- Also known as: Queen of the hill, Chels Bredhauer
- Born: Chelsea Jane Bredhauer 16 December 1992 (age 33) Charleville, Queensland
- Origin: Australia
- Genres: Hip hop
- Occupations: Rapper, Songwriter
- Instrument: Vocal
- Years active: 2010–present

= Chelsea Jane =

Australian rapper and songwriter

Chelsea Jane Bredhauer better known by her stage name Chelsea Jane (born 16 December 1992) is an Australian rapper and songwriter from Charleville, Queensland. She is known for having won the 2013 Australasian Performing Right Association (APRA) Hilltop Hoods Initiative.

==Biography==
Born and bred out west in Charleville, Chelsea moved to Toowoomba where she boarded at Downlands College for two and half years, before finishing high school at The Scots PGC College in Warwick. She was the first female to be given the award for emerging rap artists, cementing her ability and style as one to watch.

After leaving school she began studying criminology at Bond University on the Gold Coast and it was here that she discovered the enjoyment of writing for the rap scene, with its distinctive chanted rhyming lyrics. Rap battles, a friendly "dissing" of an opponent and entertaining a crowd, a la Muhammad Ali, were Chelsea's way of getting known in the scene, and she has been a guest judge at rap battles in Sydney and Adelaide as well as travelling overseas to the US, Canada and the UK to connect with well-known artists. One of her breakthroughs came when she was visiting her brother Jack on the rodeo circuit in Canada. Hip hop supergroup ATLien Workshop weren't far away in Atlanta, so she flew down to write some verse with them, which was done in 20 minutes and then recorded. She's built on the national and international attention by being announced as the recipient of the 2013 Hilltop Hoods initiative, worth $10,000. The first female to win this award for emerging rap artists.

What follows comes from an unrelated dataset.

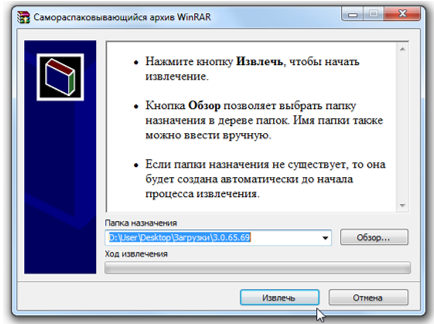 После чего открываем скачанный архив и жмём кнопку “Извлечь”, не меняя путь извлечения;

Writing's very therapeutic, it's my way of relaxing. I've been told I don't sound how I look. People see a girl with pink hair and they think I'm innocent, but when I hear a beat, the demon comes out in me.

She said her father, Charleville identity Kevin "Blue" Bredhauer, was not "hip hop affiliated" but he fully supported everything she did.

He tells me I should find a boyfriend but do you know how hard it is to find someone who understands what I do.